Arizona driver licenses

State seeks high-court review.

Arizona Daily Star

Arizona Attorney General Mark Brnovich is getting no help from the Trump administration in his last-ditch bid to deny driver’s licenses to “dreamers.”

In fact, the Department of Justice is urging the U.S. Supreme Court to reject his plea. Instead, Noel Francisco, the federal solicitor general, is telling the justices that they should let stand a ruling by the 9th U.S. Circuit Court of Appeals that voided the Arizona policy. He said there is reason to believe that the appellate court reached the correct conclusion based on the evidence before it — and that Arizona is legally wrong.

The legal merits of the case aside, Francisco said that Arizona appears to be the only state in the country that has decided those in the Deferred Action for Childhood Arrivals program are not entitled to licenses. Given that, he said there is no reason for the nation’s high court to step in.

Anyway, Francisco said, Trump already has announced he will be rescinding the 2012 policy established by his predecessor that allows those who arrived in this country illegally as children to both remain without fear of deportation and gives them Employment Authorization Documents allowing them to work legally while they are here. If DACA goes away, he said, the number of Arizona dreamers eventually will dwindle to nothing.

Francisco acknowledged the president’s decision to kill the program is being challenged. But he told the justices that there is no reason for them to even consider whether the Arizona policy is legal until they decide whether to hear that other case.

The Arizona case traces its roots back to an executive order issued in 2012 by then-Gov. Jan Brewer as DACA was being implemented telling the state Department of Transportation not to issue licenses to those accepted into the program by the U.S. Department of Homeland Security.

Brewer cited a 1996 state law that says licenses are available only to those whose presence in this country is “authorized by federal law.”

She argued that Congress had not approved DACA, meaning the federal agency had no legal authority to let those in the program remain or work.

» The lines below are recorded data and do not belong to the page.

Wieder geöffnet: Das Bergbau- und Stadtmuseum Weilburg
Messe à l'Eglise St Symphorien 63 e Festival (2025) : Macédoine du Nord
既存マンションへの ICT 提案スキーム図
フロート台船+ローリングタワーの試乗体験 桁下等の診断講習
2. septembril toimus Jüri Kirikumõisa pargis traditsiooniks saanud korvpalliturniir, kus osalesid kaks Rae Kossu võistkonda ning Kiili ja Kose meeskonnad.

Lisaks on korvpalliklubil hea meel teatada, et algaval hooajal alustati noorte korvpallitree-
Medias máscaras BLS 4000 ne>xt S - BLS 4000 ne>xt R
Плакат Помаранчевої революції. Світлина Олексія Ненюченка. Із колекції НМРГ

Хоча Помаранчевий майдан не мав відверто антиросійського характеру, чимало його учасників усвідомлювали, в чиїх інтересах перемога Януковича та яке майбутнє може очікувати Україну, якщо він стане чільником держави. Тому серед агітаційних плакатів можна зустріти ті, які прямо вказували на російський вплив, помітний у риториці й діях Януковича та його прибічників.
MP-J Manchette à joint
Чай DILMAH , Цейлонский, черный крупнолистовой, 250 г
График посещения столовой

And what that meant, Brewer said, is they were not “authorized” to be here.

That argument failed to convince federal appellate judges who said Arizona cannot decide for itself who is legally entitled to be in this country.

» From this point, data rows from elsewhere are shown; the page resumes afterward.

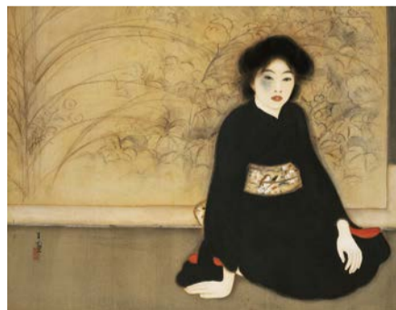
島成園 無題 大正7年(1918) 大阪市立美術館蔵(森本美津子氏寄贈)

大正期の大阪を駆け抜けた女性日本画家・島成園の没後50年にあたり、所蔵する作品を通して彼女の画業を振り返ります。 日 9/5(土)~10/11(日)9:30~17:00(入館は16:30まで)、月曜休館(9/21(月・祝)は開館) 場 問 市立美術館 ☎6771-4874 FAX6771-4856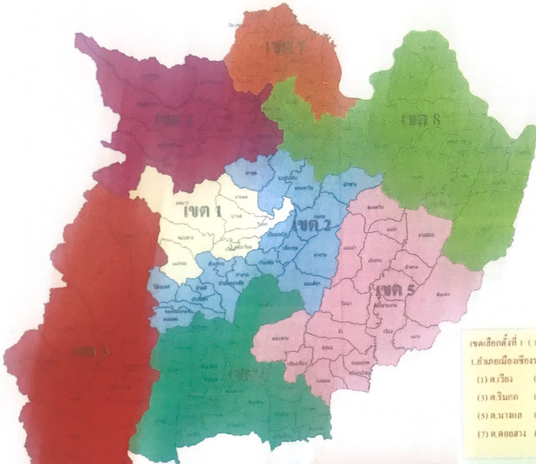
รูปแบบที่ 2

จำนวนประชากร 1,299,636 คน จำนวนราษฎร โดยเฉลี่ย 162,454.50 คน ต่อ ส.ส.หนึ่งคน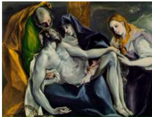
Μεγάλη Παρασκευή : Η Αποκαθήλωση

Το Μεγάλο Σάββατο θυμόμαστε τις Μυροφόρες που αντίκρισαν άδειο τον τάφο του Χριστού και διέδωσαν παντού το νέο. Το πρωί ψάλλεται η λειτουργία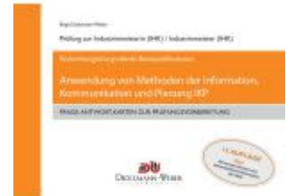
Industriemeister - Frage-Antwort- Lernkarten: Information, Kommunikation und Planung IKP Ladenpreis: 39,50EUR

In seeking Supreme Court review, Brnovich is arguing that neither Brewer, in issuing the executive order, nor successor Doug Ducey in trying to enforce it, is doing anything wrong.

He pointed out that in creating DACA, Homeland Security conceded that it “confers no substantive right, immigration status or pathway to citizenship.” And Brnovich noted that the Office of Legal Counsel within the Department of Justice has said in its own writing that DACA “does not establish any enforceable legal right to remain in the United States — and it may be revoked by immigration authorities at their discretion.”

Beyond that, Brnovich contends that Obama exceeded his authority in establishing the DACA program in the first place.

But Francisco, in his agency’s brief to the Supreme Court said none of that provides a reason for them to intercede or disturb the 9th Circuit ruling.

He said the state never raised the issue of the validity of DACA when the case first went to a trial judge in Phoenix. And the appellate judges, noting that fact, said the issue was not properly before them.

Francisco told the justices that it would be improper for them, as the ultimate appellate court, to be the first to consider that argument when it had never been considered by lower courts.

Francisco also said even Brnovich acknowledges the federal government has authority over immigration and the state cannot intrude on the exclusive right of the federal government to classify different kinds of noncitizens. He said that backs up the conclusion of the appellate court that found the state regulation on licenses for DACA recipients was pre-empted because the state had created its own classification, giving licenses to some with Employment Authorization Documents but not to others.

More to the point, Francisco said even if the conclusion by the 9th Circuit is incorrect, there is no reason for the Supreme Court to intercede because “it does not conflict with any decision of this court or another court of appeals.”